RECORDS:
---

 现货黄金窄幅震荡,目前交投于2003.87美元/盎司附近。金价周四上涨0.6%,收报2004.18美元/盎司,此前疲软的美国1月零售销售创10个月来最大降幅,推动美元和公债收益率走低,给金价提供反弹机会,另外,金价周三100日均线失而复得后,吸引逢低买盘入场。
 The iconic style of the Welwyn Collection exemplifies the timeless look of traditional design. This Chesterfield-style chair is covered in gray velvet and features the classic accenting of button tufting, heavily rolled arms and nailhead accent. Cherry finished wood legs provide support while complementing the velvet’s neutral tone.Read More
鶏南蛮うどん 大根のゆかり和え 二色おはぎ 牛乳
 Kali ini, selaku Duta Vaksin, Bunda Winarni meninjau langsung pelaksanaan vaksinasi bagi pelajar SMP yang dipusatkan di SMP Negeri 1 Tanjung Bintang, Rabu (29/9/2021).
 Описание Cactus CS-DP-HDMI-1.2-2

---

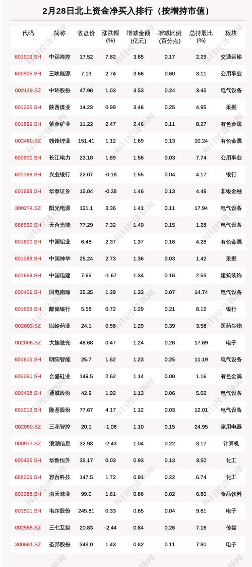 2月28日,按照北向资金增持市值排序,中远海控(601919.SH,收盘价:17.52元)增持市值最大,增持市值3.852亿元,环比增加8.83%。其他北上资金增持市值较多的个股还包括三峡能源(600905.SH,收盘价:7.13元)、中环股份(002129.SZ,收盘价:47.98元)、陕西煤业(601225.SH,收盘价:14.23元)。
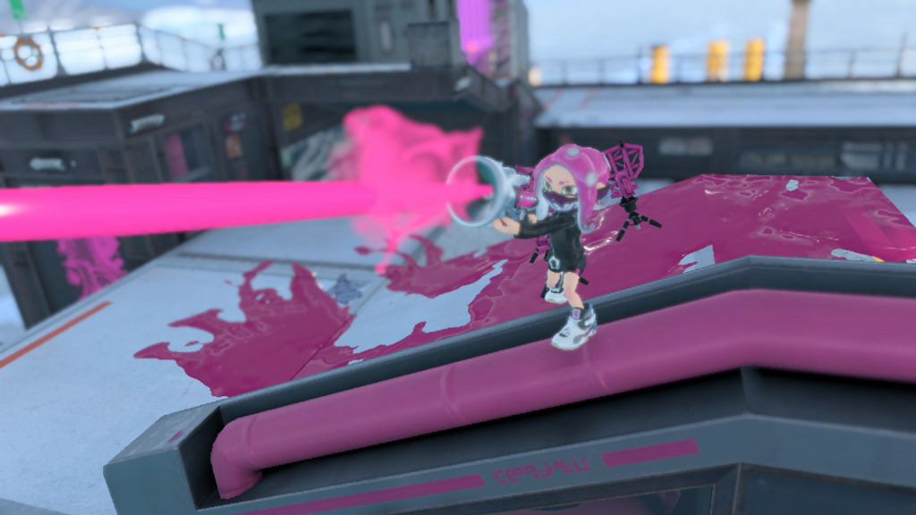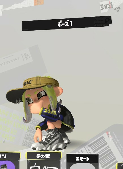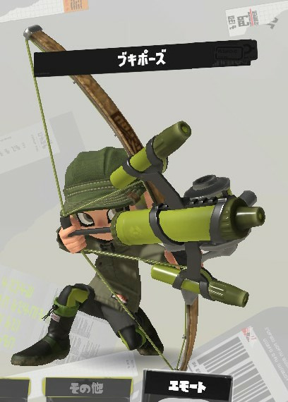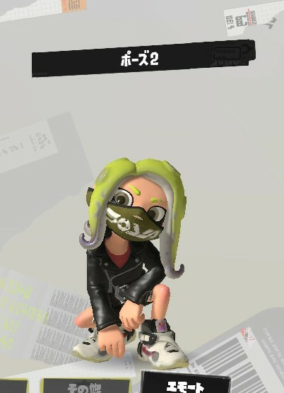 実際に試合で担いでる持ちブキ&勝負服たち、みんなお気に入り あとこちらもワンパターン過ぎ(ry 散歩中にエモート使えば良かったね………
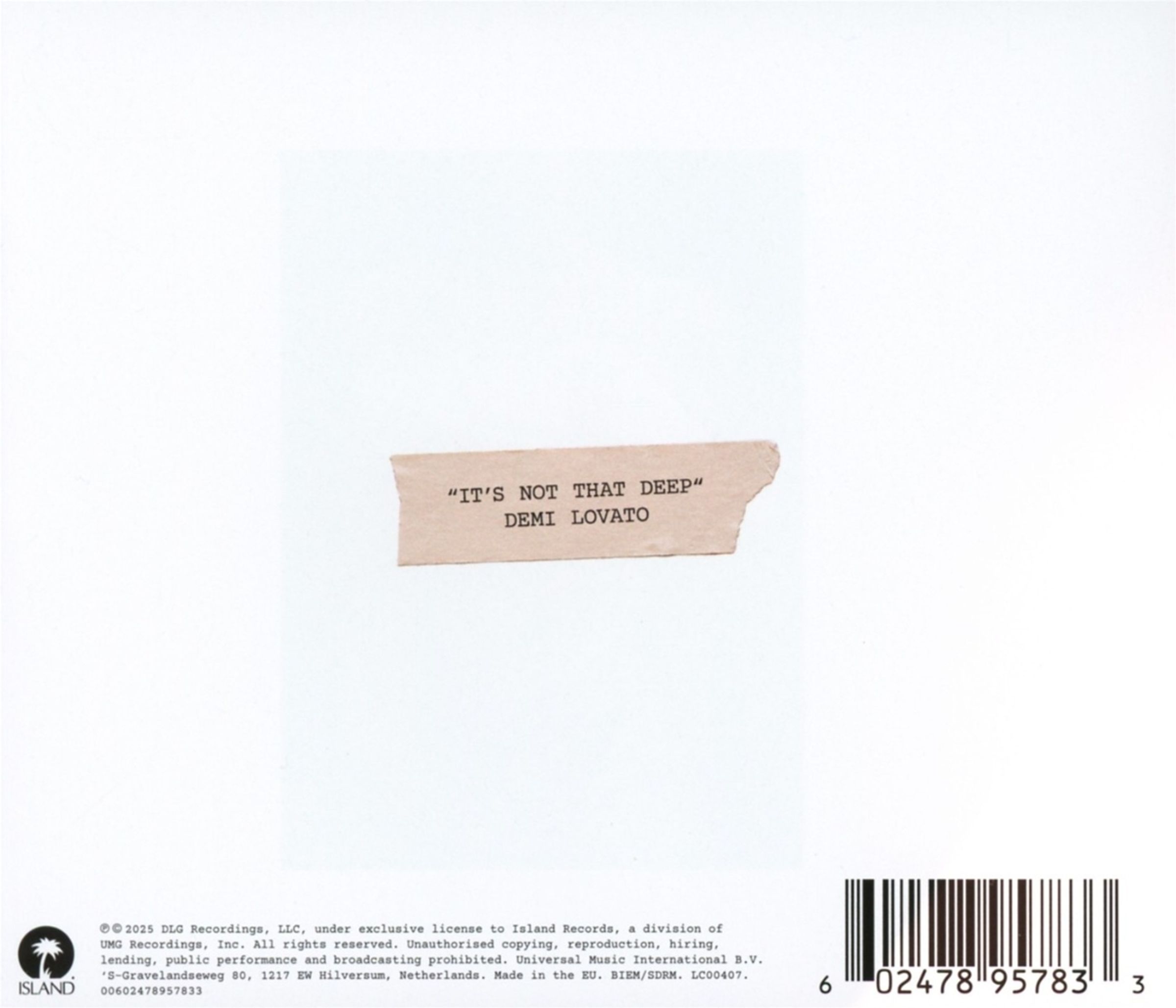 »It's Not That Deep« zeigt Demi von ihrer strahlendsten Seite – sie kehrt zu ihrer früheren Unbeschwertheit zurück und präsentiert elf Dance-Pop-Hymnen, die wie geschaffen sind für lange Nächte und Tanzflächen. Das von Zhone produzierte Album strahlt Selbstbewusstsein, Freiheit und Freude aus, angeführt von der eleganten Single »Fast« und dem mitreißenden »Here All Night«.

---

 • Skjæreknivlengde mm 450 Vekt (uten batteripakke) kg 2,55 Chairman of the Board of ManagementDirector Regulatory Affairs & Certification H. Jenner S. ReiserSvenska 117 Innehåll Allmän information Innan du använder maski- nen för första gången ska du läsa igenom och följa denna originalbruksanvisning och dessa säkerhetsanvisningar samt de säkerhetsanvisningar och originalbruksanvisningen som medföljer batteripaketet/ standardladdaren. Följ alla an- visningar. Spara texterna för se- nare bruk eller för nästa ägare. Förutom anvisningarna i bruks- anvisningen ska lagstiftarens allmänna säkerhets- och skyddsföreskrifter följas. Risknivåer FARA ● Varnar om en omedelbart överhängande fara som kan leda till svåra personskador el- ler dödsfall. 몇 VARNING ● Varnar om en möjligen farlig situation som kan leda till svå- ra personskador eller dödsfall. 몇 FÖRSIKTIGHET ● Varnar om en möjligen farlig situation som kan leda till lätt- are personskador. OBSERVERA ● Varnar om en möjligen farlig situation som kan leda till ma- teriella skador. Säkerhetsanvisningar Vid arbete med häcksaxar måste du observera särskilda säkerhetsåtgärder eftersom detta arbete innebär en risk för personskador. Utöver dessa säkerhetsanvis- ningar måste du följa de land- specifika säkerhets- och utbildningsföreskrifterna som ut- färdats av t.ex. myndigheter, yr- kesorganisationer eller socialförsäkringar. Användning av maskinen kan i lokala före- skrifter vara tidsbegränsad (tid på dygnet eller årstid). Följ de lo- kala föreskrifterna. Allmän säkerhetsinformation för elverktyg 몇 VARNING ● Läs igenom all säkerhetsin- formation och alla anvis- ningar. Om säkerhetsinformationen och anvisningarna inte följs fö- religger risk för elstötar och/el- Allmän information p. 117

---

Only the lines above from the one with "鶏南蛮うどん 大根のゆかり和え 二色おはぎ 牛乳" through the one with "Описание Cactus CS-DP-HDMI-1.2-2" should be duplicated, character for character.

SOLUTION FOR THIS PROBLEM:
鶏南蛮うどん 大根のゆかり和え 二色おはぎ 牛乳
 Kali ini, selaku Duta Vaksin, Bunda Winarni meninjau langsung pelaksanaan vaksinasi bagi pelajar SMP yang dipusatkan di SMP Negeri 1 Tanjung Bintang, Rabu (29/9/2021).
 Описание Cactus CS-DP-HDMI-1.2-2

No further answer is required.